══ Available data ══
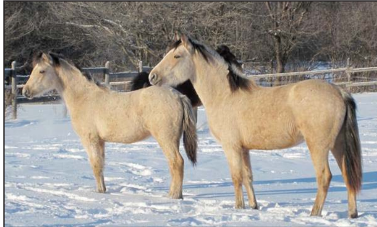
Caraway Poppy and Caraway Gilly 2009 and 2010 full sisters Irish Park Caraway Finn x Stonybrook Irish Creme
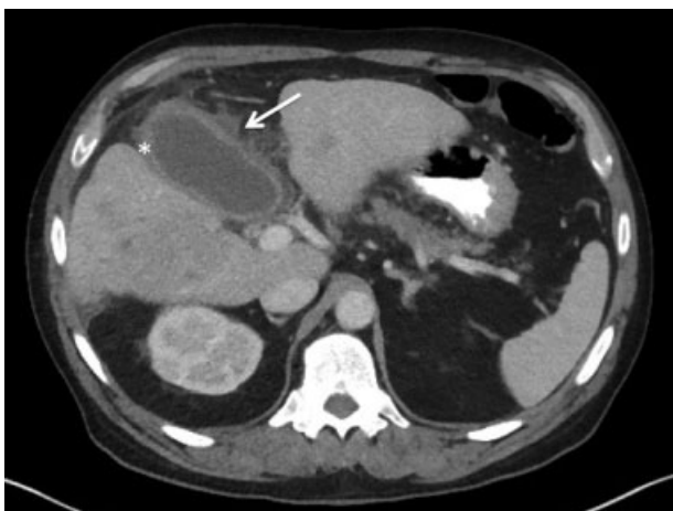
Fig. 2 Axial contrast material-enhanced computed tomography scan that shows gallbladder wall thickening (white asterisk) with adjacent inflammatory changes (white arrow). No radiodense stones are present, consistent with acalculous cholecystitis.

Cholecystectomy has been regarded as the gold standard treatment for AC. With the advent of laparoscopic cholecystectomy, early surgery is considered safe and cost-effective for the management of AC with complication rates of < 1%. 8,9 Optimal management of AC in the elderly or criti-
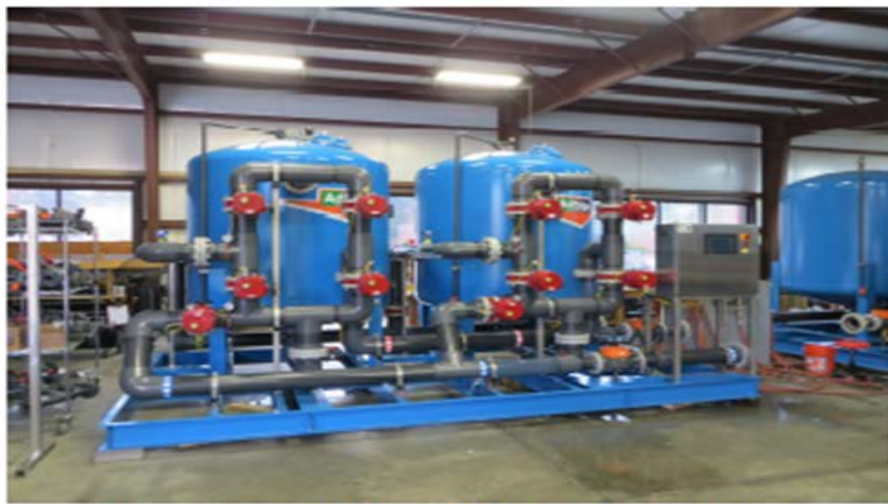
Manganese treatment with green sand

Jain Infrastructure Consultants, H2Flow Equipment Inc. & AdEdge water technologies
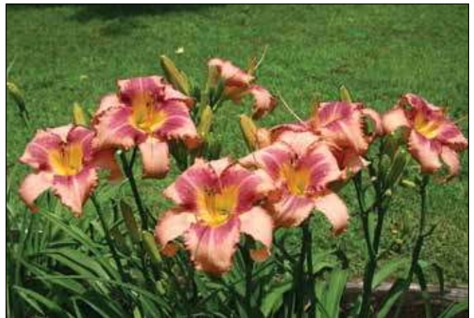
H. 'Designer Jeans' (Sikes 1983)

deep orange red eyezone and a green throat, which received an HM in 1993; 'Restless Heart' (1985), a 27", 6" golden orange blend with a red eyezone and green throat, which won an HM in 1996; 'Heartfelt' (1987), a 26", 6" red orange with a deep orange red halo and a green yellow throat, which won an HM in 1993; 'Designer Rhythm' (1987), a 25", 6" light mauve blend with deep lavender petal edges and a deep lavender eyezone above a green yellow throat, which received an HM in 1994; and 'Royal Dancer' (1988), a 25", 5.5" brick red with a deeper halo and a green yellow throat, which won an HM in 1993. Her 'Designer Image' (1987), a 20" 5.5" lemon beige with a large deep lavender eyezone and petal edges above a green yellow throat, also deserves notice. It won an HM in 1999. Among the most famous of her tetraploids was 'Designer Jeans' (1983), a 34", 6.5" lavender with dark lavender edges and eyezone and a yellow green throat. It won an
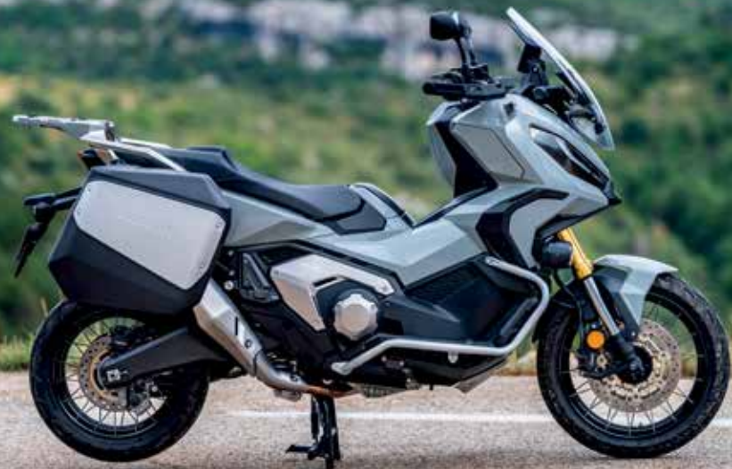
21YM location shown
═══
══ Available data ══
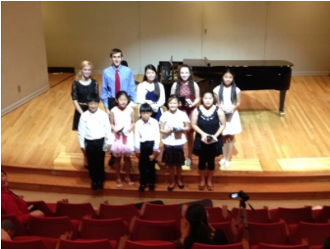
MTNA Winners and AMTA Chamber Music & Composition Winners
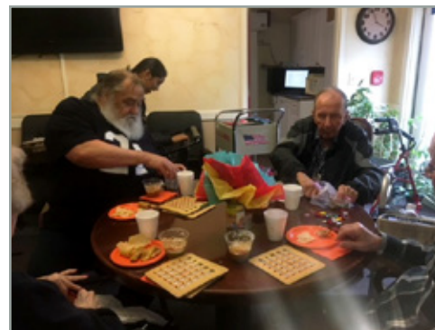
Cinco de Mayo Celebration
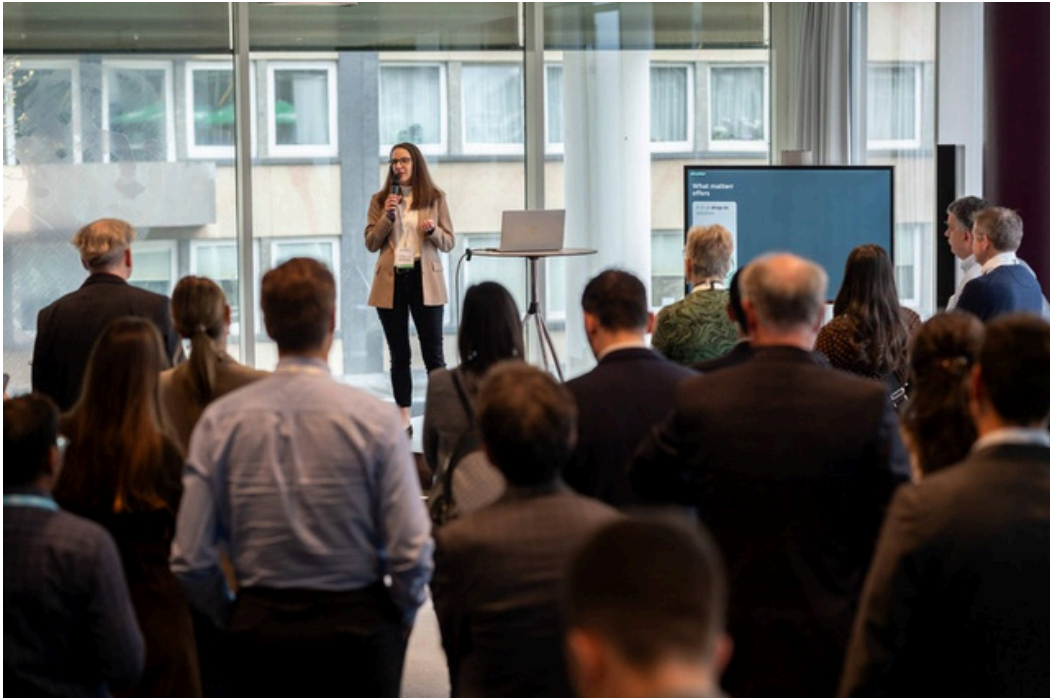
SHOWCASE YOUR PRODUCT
═══
══ Available data ══
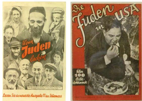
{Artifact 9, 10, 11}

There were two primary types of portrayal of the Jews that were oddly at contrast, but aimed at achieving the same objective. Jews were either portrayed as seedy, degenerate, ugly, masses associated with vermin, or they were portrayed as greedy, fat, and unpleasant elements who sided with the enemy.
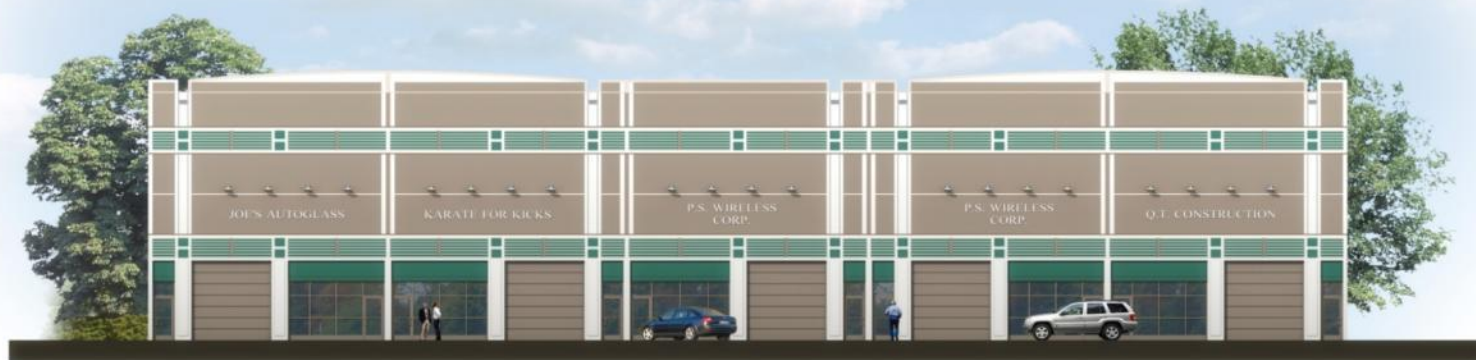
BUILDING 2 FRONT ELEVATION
═══
- **Assigned task**
From the records above, give again only the part that opens with the line containing "deep orange red eyezone" and closes with the line containing "21YM location shown". Keep both ends but drop the pictures.

- **Solution**
deep orange red eyezone and a green throat, which received an HM in 1993; 'Restless Heart' (1985), a 27", 6" golden orange blend with a red eyezone and green throat, which won an HM in 1996; 'Heartfelt' (1987), a 26", 6" red orange with a deep orange red halo and a green yellow throat, which won an HM in 1993; 'Designer Rhythm' (1987), a 25", 6" light mauve blend with deep lavender petal edges and a deep lavender eyezone above a green yellow throat, which received an HM in 1994; and 'Royal Dancer' (1988), a 25", 5.5" brick red with a deeper halo and a green yellow throat, which won an HM in 1993. Her 'Designer Image' (1987), a 20" 5.5" lemon beige with a large deep lavender eyezone and petal edges above a green yellow throat, also deserves notice. It won an HM in 1999. Among the most famous of her tetraploids was 'Designer Jeans' (1983), a 34", 6.5" lavender with dark lavender edges and eyezone and a yellow green throat. It won an
21YM location shown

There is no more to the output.